GOAL OF THE EXERCISE: Nothing but the lines from the one containing "Lucie Weissmannová, DiS." through the end of the entries below should appear in your answer, transcribed exactly; please drop the pictures.

(Dataset records)
★ ★ ★ ★ ★
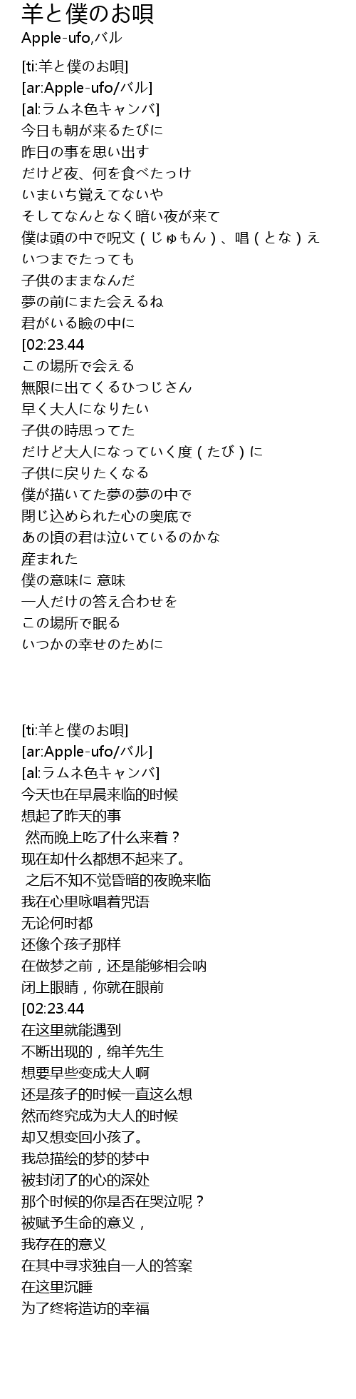 | [ti:羊と僕のお唄] | |
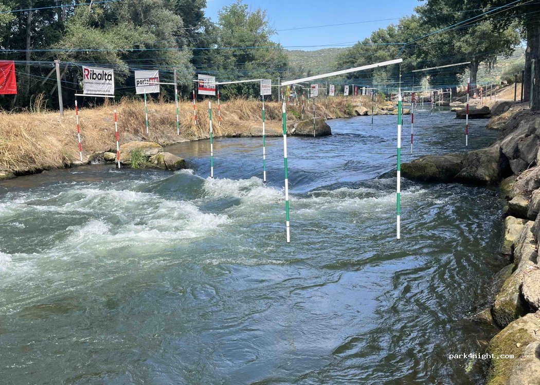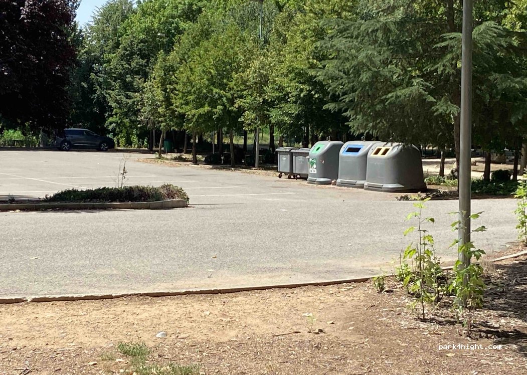 Bonito aparcamiento a la entrada del Parque Comunitario, espacios asfaltados o de césped entre los plátanos (a la sombra). Disponible de forma gratuita en el parque: zona de juegos para niños, mesas de picnic, baños muy limpios, al borde del río que está equipado con un recorrido de kayak (base náutica contigua al parque municipal) Aquí tomamos nuestro descanso para almorzar, pero no hay prohibición. en pasar la noche. Hermosa zona.
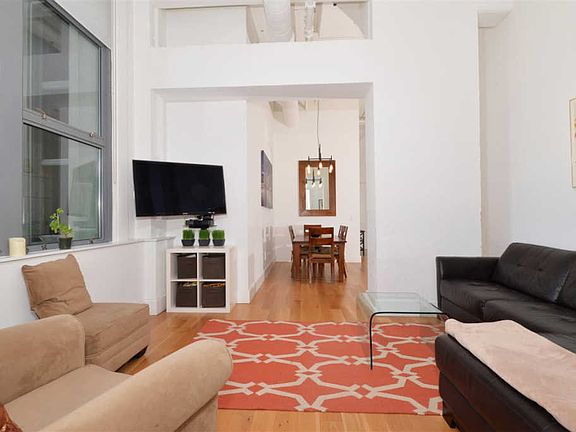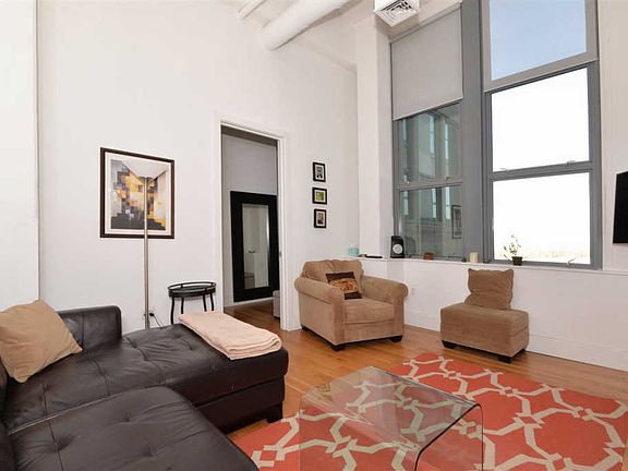 Journal Square's gem of the high end residences! Own a piece of the hottest growing area in Jersey City. Beautiful and rare to market 1+den, 2 bath format located in the highly coveted, full amenity Canco Lofts building featuring a 24hr concierge, shuttle to PATH, fitness center, bicycle storage, BBQ grill area, pet park, children's play center and screening room. Large den format can be used as a 2nd bedroom, office, nursery, etc. The enormous master bedroom and 14ft ceilings add to the spacious 1250+ square footage to complete the loft feeling. Newly upgraded Bosch washer/dryer in unit. Over 20 years left on the original 30 year tax abatement. Prime location for easy access to all highways and short walk to PATH train. Garage parking spot can be rented for $200/mo. Public open house this weekend 12/3 and 12/4. Sat 11:30-1:30 and Sun 12noon-2pm.
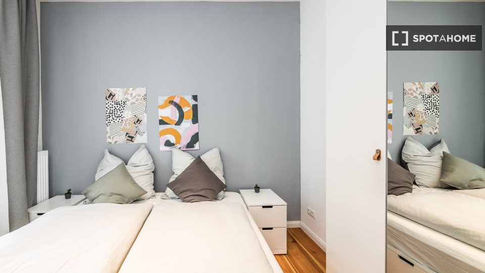 Located in the sought-after Friedrichshain-Kreuzberg district, this residence boasts proximity to various attractions. Renowned dining spots such as Stock & Stein and Aleppo Supper Club are within walking distance, alongside captivating landmarks like the Berlin Sculpture Atelier and the Pinguin Brunnen. Explore the lively Simon-Dach-Straße or dive into unique exhibitions like the C2C-Ausstellung 'Kreis Statt Krise'. This location is not only central but bustling with cultural and social opportunities, promising the ultimate Berlin experience.
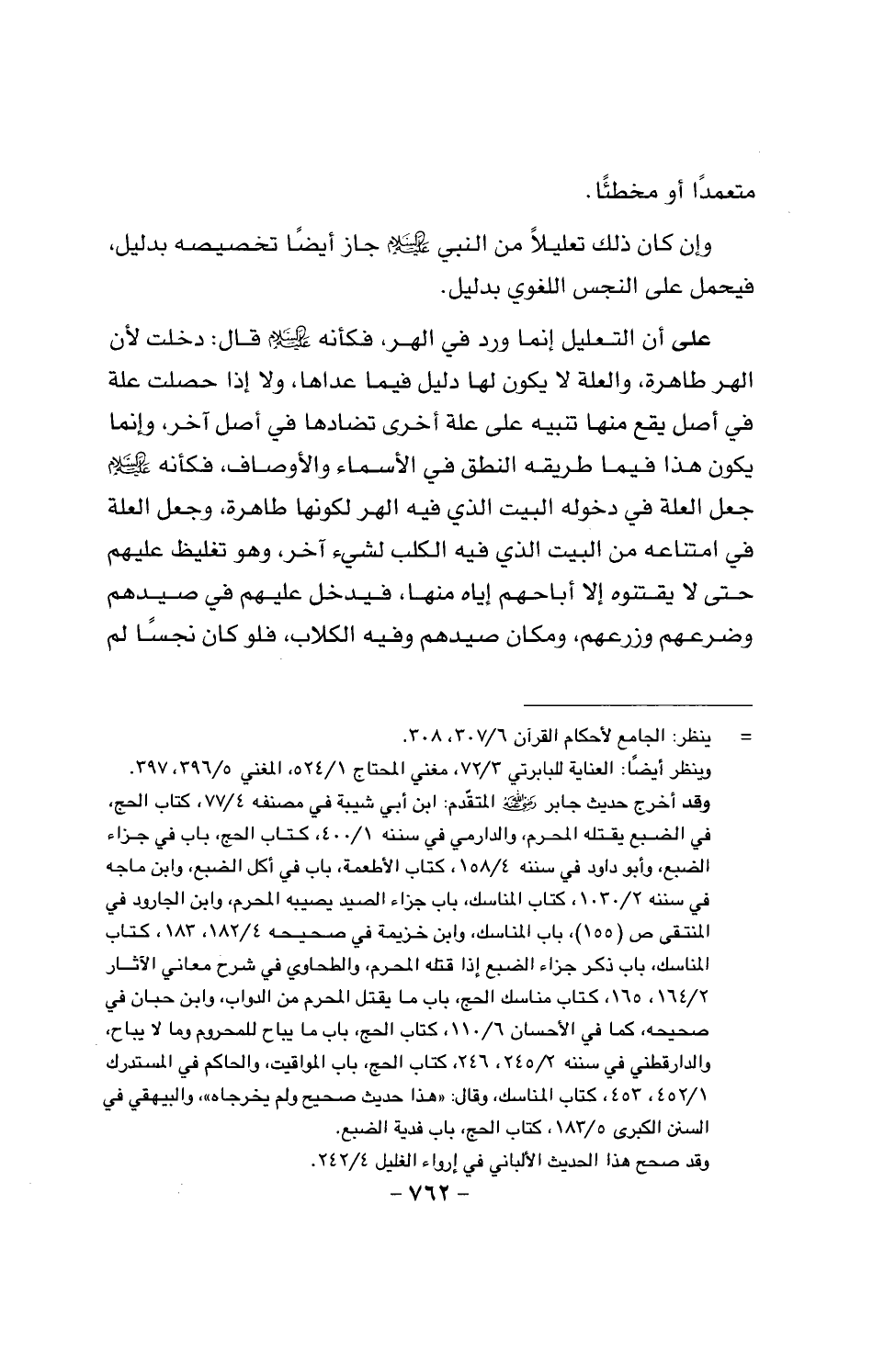 على أن التعليل إنما ورد في الهر، فكأنه عليه السلام قال: دخلت لأن الهر طاهرة، والعلة لا يكون لها دليل فيما عداها، ولا إذا حصلت علة في أصل يقع منها تنبيه على علة أخرى تضادها في أصل آخر، وإنما يكون هذا فيما طريقه النطق في الأسماء والأوصاف، فكأنه عليه السلام جعل العلة في دخوله البيت الذي في الكلب لشيء آخر، وهو تغليظ عليهم حتى لا يقتنوه إلا أباحهم منها، فيدخل عليهم في صيدهم وضرعهم وزرعهم، ومكان صيدهم وفيه الكلاب، فلو كان نجسا لم
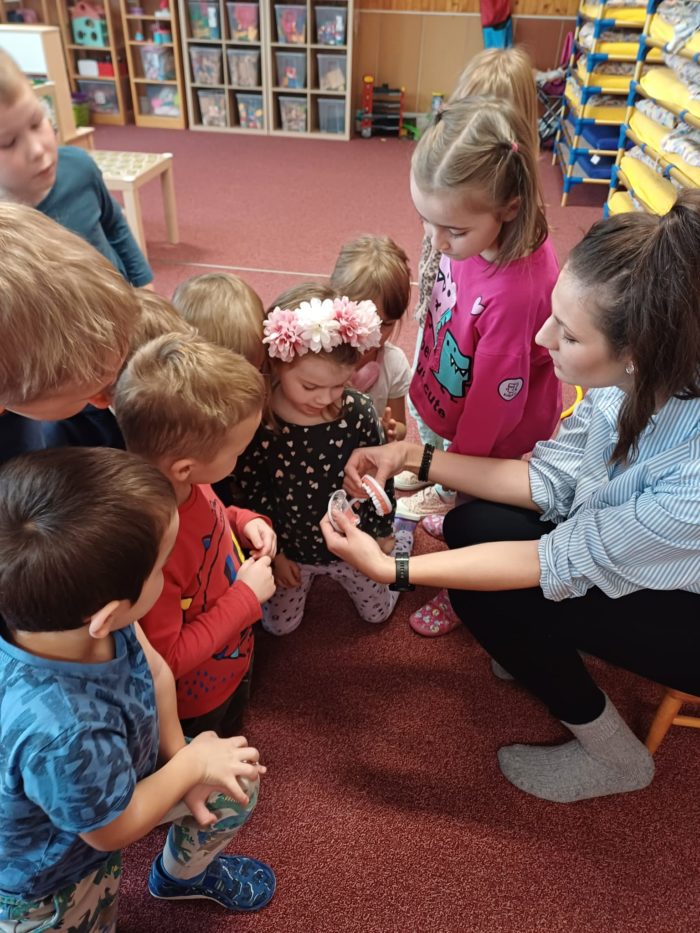„Děti se poutavou formou seznámily se správnými návyky při čištění zubů i mezizubních prostorů, povídaly si o vlivu nevhodné stravy na zubní zdraví a o důležitosti pravidelných preventivních prohlídek u zubaře,“ přibližuje obsah besedy učitelka Sluníček Lucie Weissmannová, DiS.
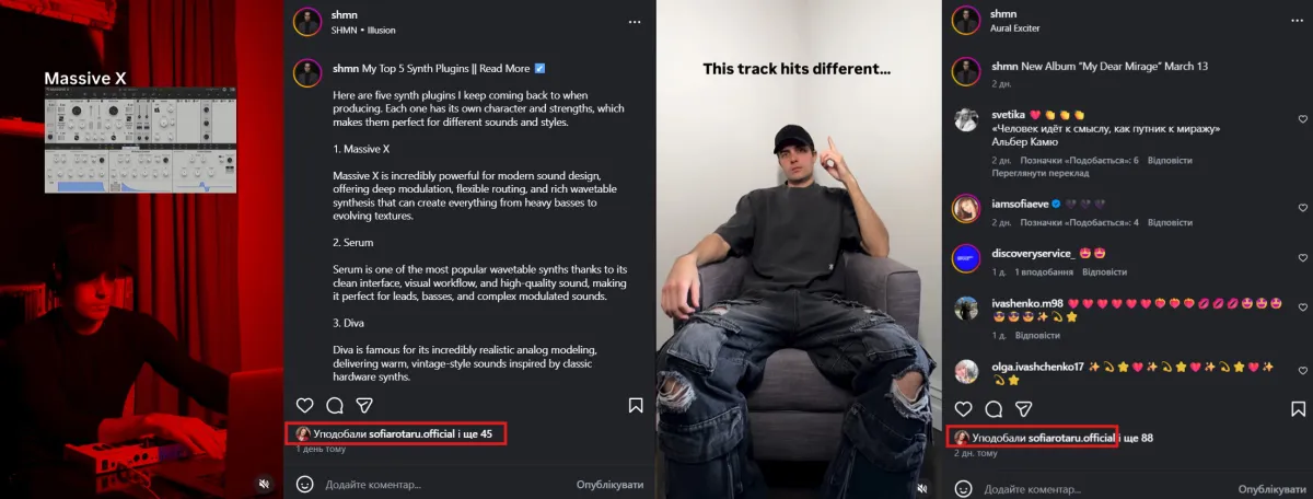 Однією з перших свої коментарі під відеопрезентацією альбому залишила єдина сестра Анатолія, Софія Євдокименко. Тривалий час вона живе у США. Онучка Софії Ротару залишила смайлики сердець та вогню. Зазначимо, що на Instagram SHMN підписано понад 20 тис. фоловерів. Втім публікації молодого артиста, якому 23 березня виповниться 31 рік, здебільшого набирають менш як 100 лайків.
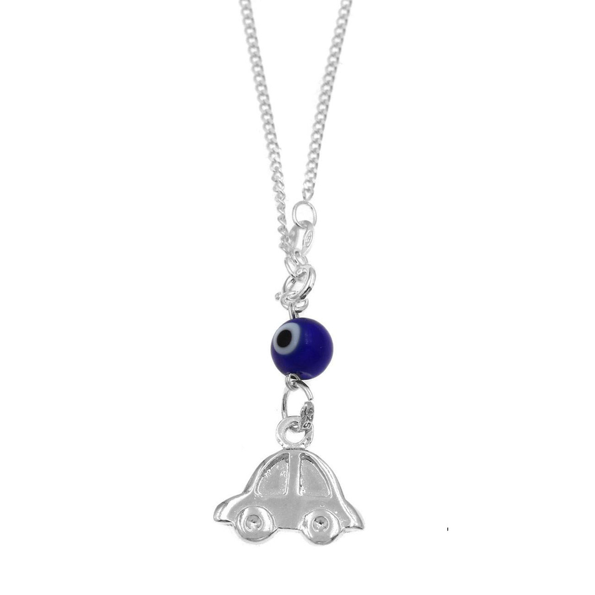 Car amulet made of 925 silver, with a small car and an eye on the chain.
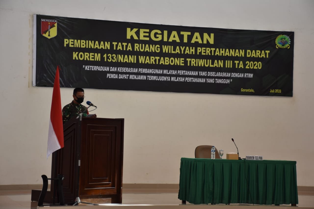 Danrem 133/NWB Brigjen TNI Bagus Antonov Hardito MA yang membuka secara langsung kegiatan tersebut dalam sambutan tertulis mengatakan selamat datang di Makorem 133/Nani Wartabone kepada Kabid Tata Ruang Provinsi Gorontalo, Bapak Sultan Kalupe, S.T.,M.T. selaku Pemateri, semoga dengan adanya kegiatan ini, dapat menciptakan pembinaan tata ruang wilayah pertahanan darat yang serasi, selaras dan terpadu dengan tata ruang wilayah Provinsi/Kabupaten/Kota.
★ ★ ★ ★ ★
REPLY TO THE EXERCISE:
„Děti se poutavou formou seznámily se správnými návyky při čištění zubů i mezizubních prostorů, povídaly si o vlivu nevhodné stravy na zubní zdraví a o důležitosti pravidelných preventivních prohlídek u zubaře,“ přibližuje obsah besedy učitelka Sluníček Lucie Weissmannová, DiS.
 Однією з перших свої коментарі під відеопрезентацією альбому залишила єдина сестра Анатолія, Софія Євдокименко. Тривалий час вона живе у США. Онучка Софії Ротару залишила смайлики сердець та вогню. Зазначимо, що на Instagram SHMN підписано понад 20 тис. фоловерів. Втім публікації молодого артиста, якому 23 березня виповниться 31 рік, здебільшого набирають менш як 100 лайків.
 Car amulet made of 925 silver, with a small car and an eye on the chain.
 Danrem 133/NWB Brigjen TNI Bagus Antonov Hardito MA yang membuka secara langsung kegiatan tersebut dalam sambutan tertulis mengatakan selamat datang di Makorem 133/Nani Wartabone kepada Kabid Tata Ruang Provinsi Gorontalo, Bapak Sultan Kalupe, S.T.,M.T. selaku Pemateri, semoga dengan adanya kegiatan ini, dapat menciptakan pembinaan tata ruang wilayah pertahanan darat yang serasi, selaras dan terpadu dengan tata ruang wilayah Provinsi/Kabupaten/Kota.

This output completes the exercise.